Reeves Faces Backlash Over £1.7 Billion Business Rates Overhaul

Retailers warn of ‘carnage’ as Chancellor’s autumn Budget plan targets large high street stores

Chancellor Rachel Reeves is facing mounting criticism from some of the UK’s most prominent retail giants following plans to introduce a £1.7 billion reform to business rates in her upcoming autumn Budget. The proposed changes, which are designed to shift the burden away from small high street businesses and towards large premises, have sparked fears of job losses, shop closures, and what some have described as “carnage” on the high street.

Under the new proposals, businesses operating from larger premises—particularly department stores, supermarkets, and warehouse-sized outlets—could face significantly higher business rates. This would help fund tax reductions for smaller retail, hospitality, and leisure venues, as the Treasury attempts to rebalance the system in favour of independent and community-based businesses.

The Treasury argues that the reforms will create a “fairer” system, one that favours smaller, often family-run operations over vast, multinational companies, especially online giants who have historically paid less in business rates. However, retail leaders are warning that the changes could backfire, causing widespread store closures and further damage to already struggling town centres.

A Divisive Strategy

At the heart of the Government’s plan is a surcharge on commercial properties with a rental value of £500,000 or more annually. Legislation passed in April gives ministers the power to apply a surcharge of up to 10 pence in the pound for such properties. This is part of a broader strategy to fill a gaping £5 billion hole in the public finances—one that has been exacerbated by recent U-turns on welfare policies and winter fuel subsidies.

Chancellor Reeves has insisted that the surcharge is a necessary move to protect smaller traders from rising operating costs. However, she has stopped short of confirming exactly what level the surcharge will be set at, leading to speculation that she may opt for the maximum rate of 10 pence in the pound to generate as much revenue as possible.

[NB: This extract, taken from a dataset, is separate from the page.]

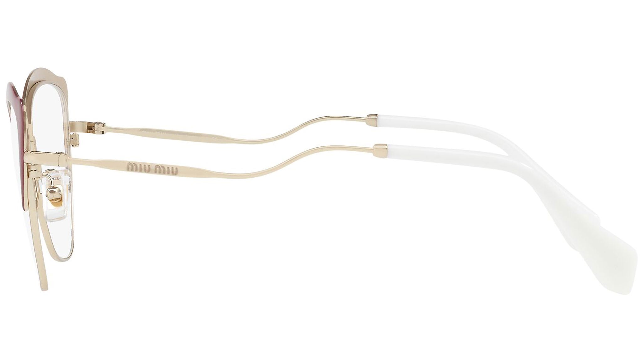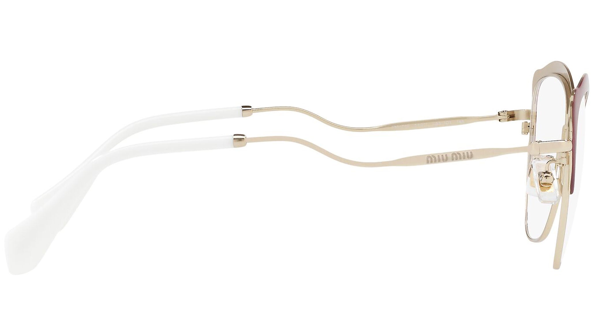 Occhiali da vista Miu Miu modello MU 54PV variante colore UA51O1 bordeaux e oro chiaro. Miu Miu offre creazioni uniche, in cui la costante ricerca stilistica si combina perfettamente con la maestria artigianale della lavorazione. Le silhouette femminili e sinuose delle montature sono espressione di una ricchezza dei dettagli che rispecchia pienamente i codici stilistici e l’indiscusso talento del brand nell’unire il design non convenzionale ad un romanticismo dai rimandi retrò.

Retail groups and trade bodies have expressed alarm at the potential fallout. Marks & Spencer (M&S), one of Britain’s largest and most iconic high street brands, has emerged as a vocal opponent of the proposals. The company has warned that 111 of its stores would be directly impacted by the tax hike, potentially forcing closures and reducing employment opportunities in many parts of the country.

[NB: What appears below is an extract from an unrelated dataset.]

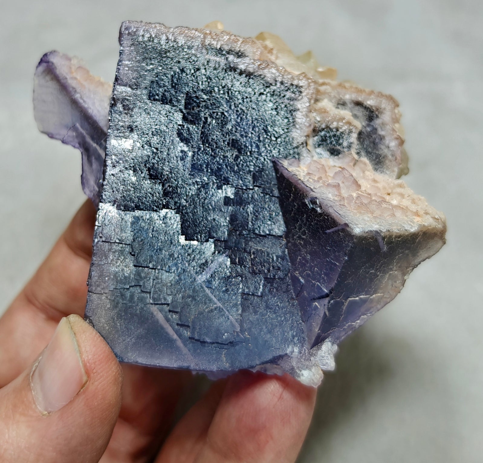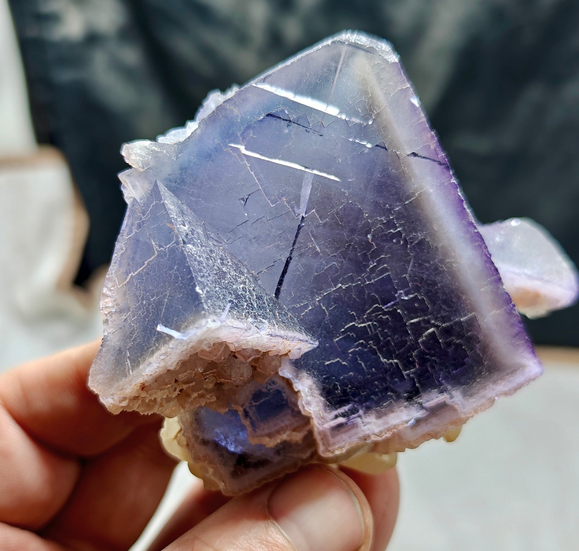 A beautiful purple Fluorite Specimen with Dogteeth calcite crystals from Balochistan. Beautiful color zoning

“Larger retailers are frequently anchor tenants that attract footfall to town centres,” M&S wrote in a detailed submission to Deputy Prime Minister Angela Rayner, whose department oversees local government and business rates collection. “Penalising them in order to provide relief to smaller units is counterproductive. If we close, the small independents around us lose traffic too.”

A Threat to Labour’s Retail Heartlands

The political implications of the proposed reforms are equally significant. Analysis commissioned by The Telegraph indicates that many of the areas most likely to be impacted are in Labour strongholds—particularly marginal seats where the party faces growing pressure from Reform UK.

Of the 30 constituencies with the highest concentration of retail employment, Labour currently holds 24. Many of these are located in economically vulnerable regions such as the North East, the West Midlands, and parts of Greater Manchester. Reeves’ own parliamentary allies, including Angela Rayner, may find themselves under scrutiny from within their constituencies if local stores face rising bills and job losses.

A trio of major retailers—M&S, Sainsbury’s, and IKEA—each with outlets in Ashton-under-Lyne, Rayner’s own seat, are expected to be hit hard by the new surcharge. In their joint response, the retailers and their associated unions warned that the measures risk creating a “cycle of economic downturn” in regions already struggling with limited employment opportunities.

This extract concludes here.